» PROBLEM STATEMENT:
Write out all of the records precisely. Skip anything that is a picture.

» Data records:

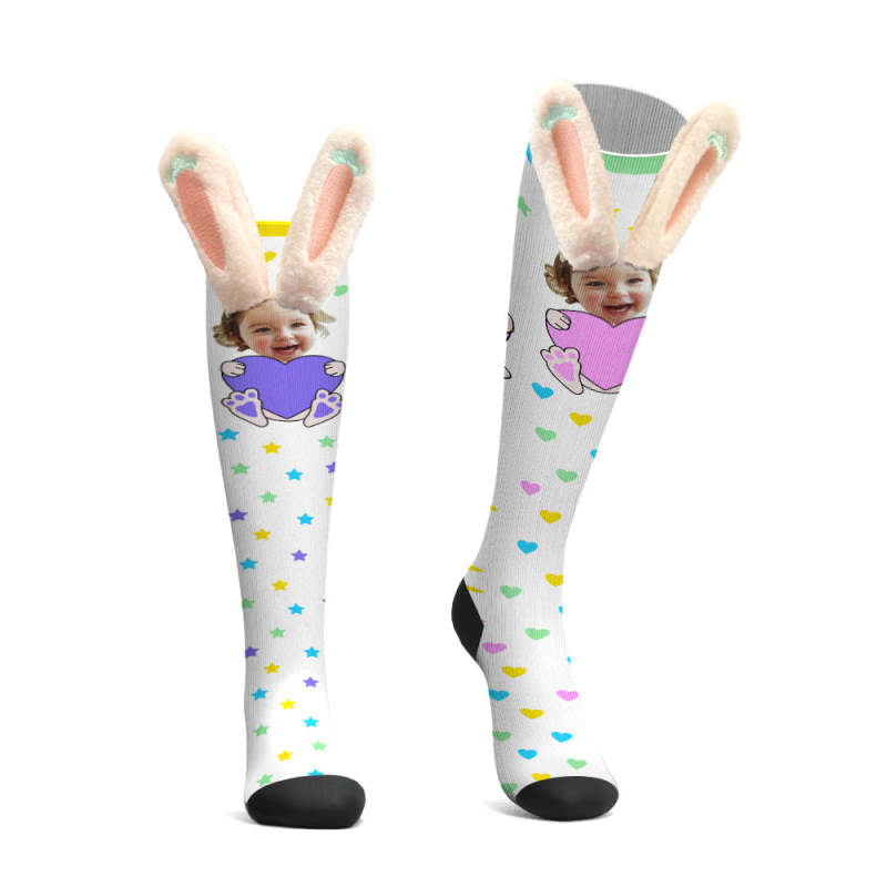 Custom Socks Knee High Face Socks 3D Plush Bunny Ears Socks - MyFaceSocksAu Custom Socks Knee High Face Socks 3D Plush Bunny Ears Socks - MyFaceSocksAu
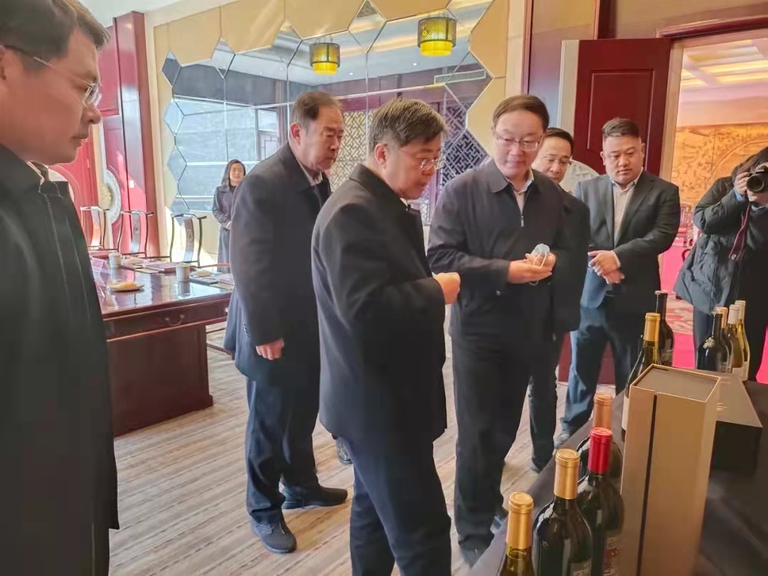適逢元旦佳節,煙臺市蓬萊區區委書記林鈺濤,蓬萊區委常委、區政府副區長田文良,蓬萊區區委秘書長王杰,登州街道黨工委書記劉軍凱等領導一行蒞臨中國盛唐?國賓酒莊,視察指導工作,并在酒莊召開了座談會。金宇集團董事長兼國賓酒莊董事長劉長庭、金宇集團總經理劉建成、中國盛唐?國賓酒莊總經理杜宜龍陪同視察并座談。
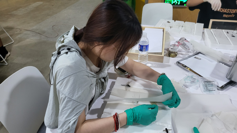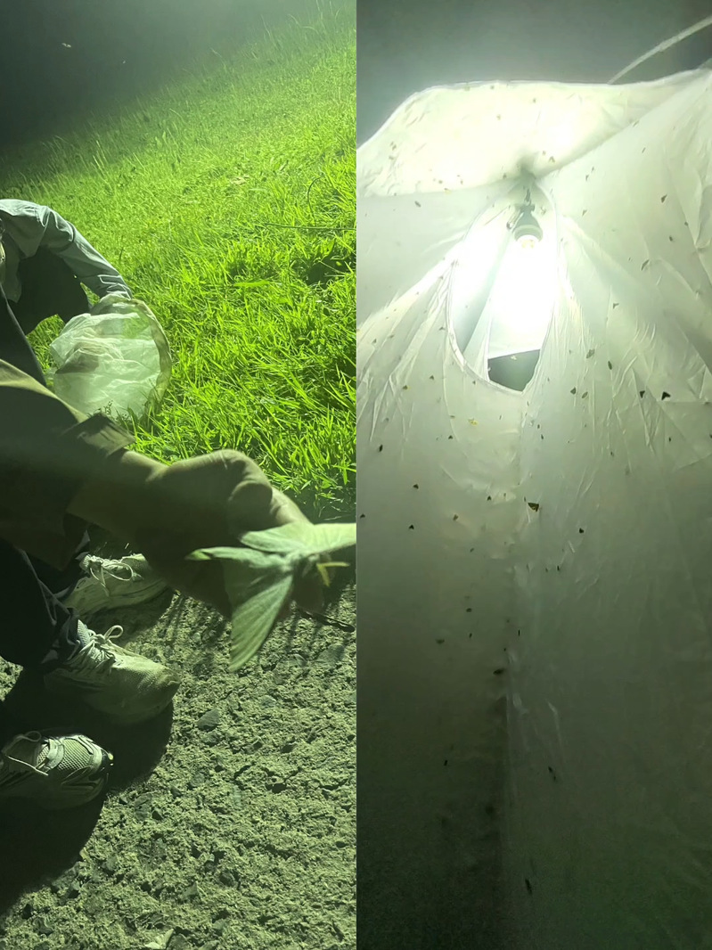 晚饭过后,师生们先聚集在雪具大厅,讲解关于昆虫标本制作知识,晚间,我们又在开阔区域架设好专业的诱虫灯和白色幕布,构建起一个动态的昆虫生态观察场。诱虫灯发出的光芒吸引了大量具有趋光性的昆虫。
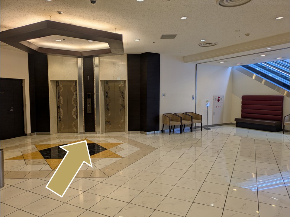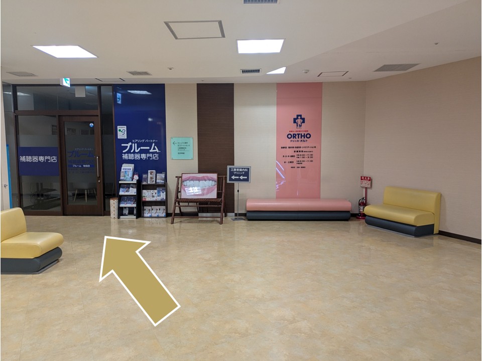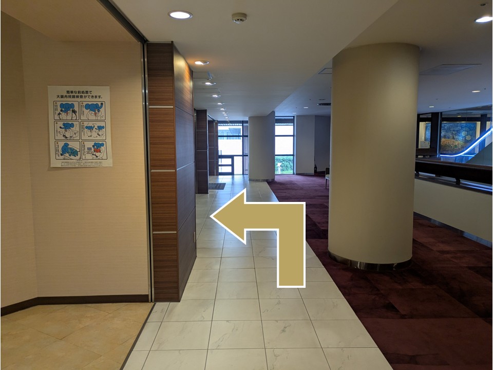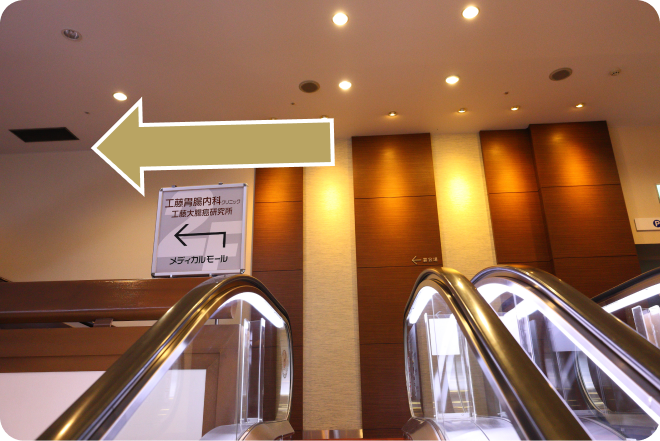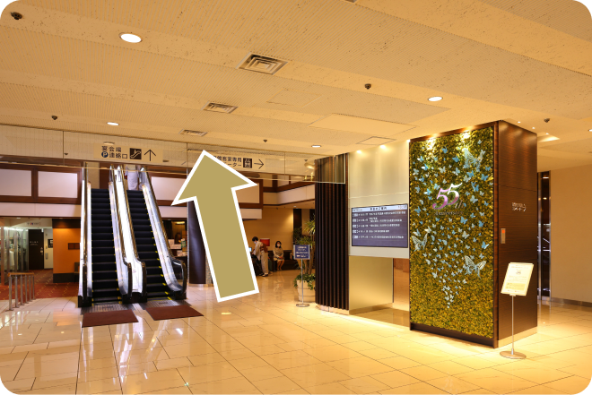 ②エントランス左側にあるエスカレーターで、2階へお上がりください。
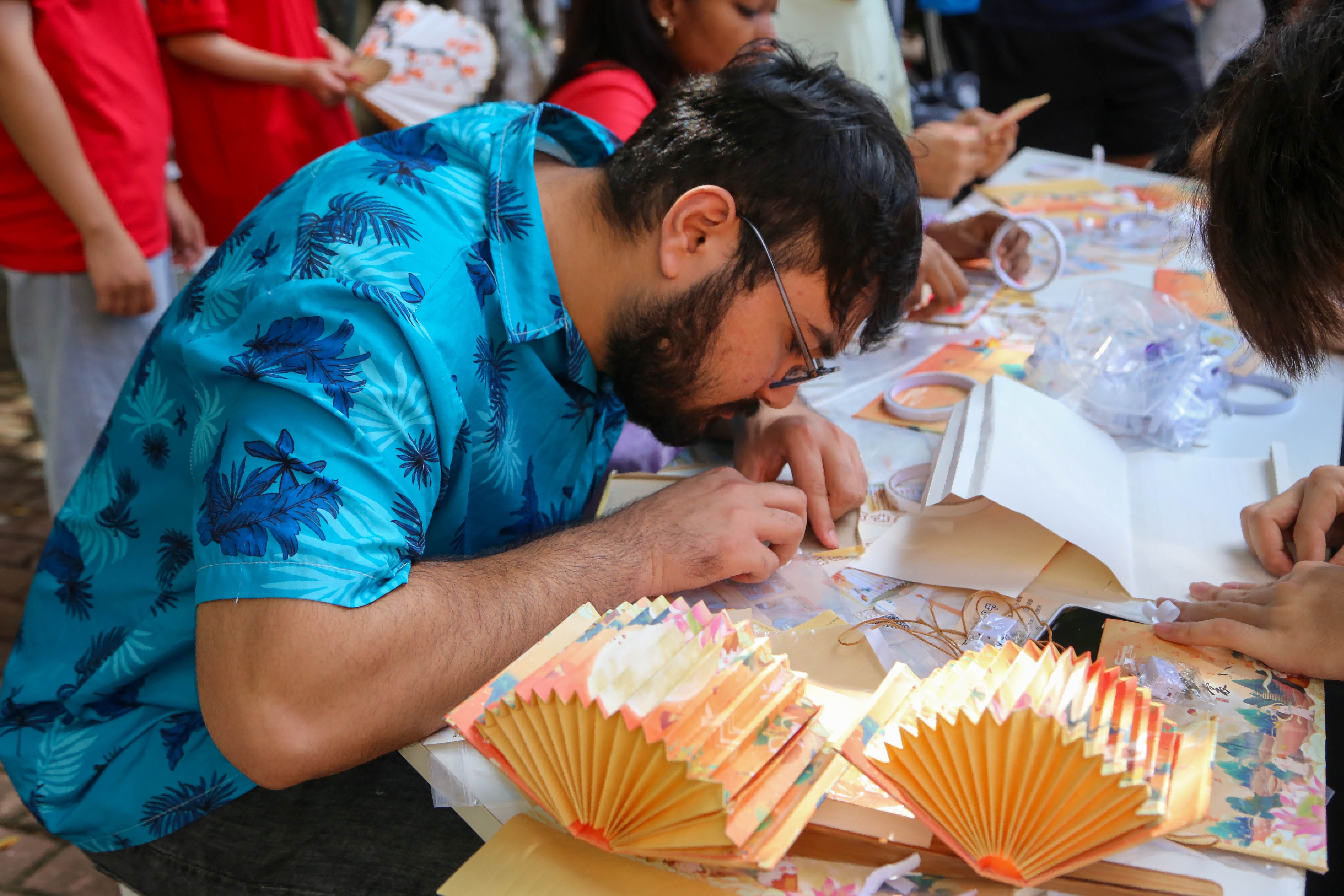 本次展览的核心由6个特色展位构成,国际学院各专业学生学以致用,将专业理论知识转化为生动的文化实践。应用泰语专业的学生们身着精美的泰国传统服饰,用泰语书写对亲人的祝福;应用越南语专业的展位前,地道的越南春卷和咖啡香气四溢,吸引了众多师生品尝;商务英语和国际商务专业的同学们则分区域展示了新加坡的现代都市文化与印度尼西亚的特色美食;学前教育专业的同学们在中国非遗体验区引导观众体验猜灯谜、中国剪纸和书灯制作……中外师生不仅是文化的展示者,更是跨越国界的友谊使者,他们运用精湛的语言技能生动解说,使每个展位都成为互动交流的活跃节点。
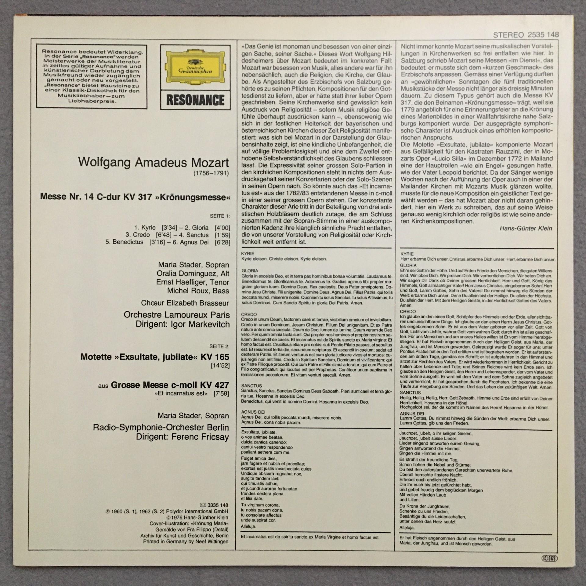 O935 Mozart Coronation Mass Haefliger Stader Markevich DGG 2535 148 Stereo
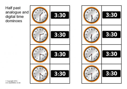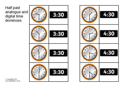 A printable domino set that features analogue and digital half past times. Players can match both analogue and digital times together. Great for helping children to recognise the same times written in both analogue and digital formats.

» THE ANSWER:
 Custom Socks Knee High Face Socks 3D Plush Bunny Ears Socks - MyFaceSocksAu Custom Socks Knee High Face Socks 3D Plush Bunny Ears Socks - MyFaceSocksAu
適逢元旦佳節,煙臺市蓬萊區區委書記林鈺濤,蓬萊區委常委、區政府副區長田文良,蓬萊區區委秘書長王杰,登州街道黨工委書記劉軍凱等領導一行蒞臨中國盛唐?國賓酒莊,視察指導工作,并在酒莊召開了座談會。金宇集團董事長兼國賓酒莊董事長劉長庭、金宇集團總經理劉建成、中國盛唐?國賓酒莊總經理杜宜龍陪同視察并座談。
 晚饭过后,师生们先聚集在雪具大厅,讲解关于昆虫标本制作知识,晚间,我们又在开阔区域架设好专业的诱虫灯和白色幕布,构建起一个动态的昆虫生态观察场。诱虫灯发出的光芒吸引了大量具有趋光性的昆虫。
 ②エントランス左側にあるエスカレーターで、2階へお上がりください。
 本次展览的核心由6个特色展位构成,国际学院各专业学生学以致用,将专业理论知识转化为生动的文化实践。应用泰语专业的学生们身着精美的泰国传统服饰,用泰语书写对亲人的祝福;应用越南语专业的展位前,地道的越南春卷和咖啡香气四溢,吸引了众多师生品尝;商务英语和国际商务专业的同学们则分区域展示了新加坡的现代都市文化与印度尼西亚的特色美食;学前教育专业的同学们在中国非遗体验区引导观众体验猜灯谜、中国剪纸和书灯制作……中外师生不仅是文化的展示者,更是跨越国界的友谊使者,他们运用精湛的语言技能生动解说,使每个展位都成为互动交流的活跃节点。
 O935 Mozart Coronation Mass Haefliger Stader Markevich DGG 2535 148 Stereo
 A printable domino set that features analogue and digital half past times. Players can match both analogue and digital times together. Great for helping children to recognise the same times written in both analogue and digital formats.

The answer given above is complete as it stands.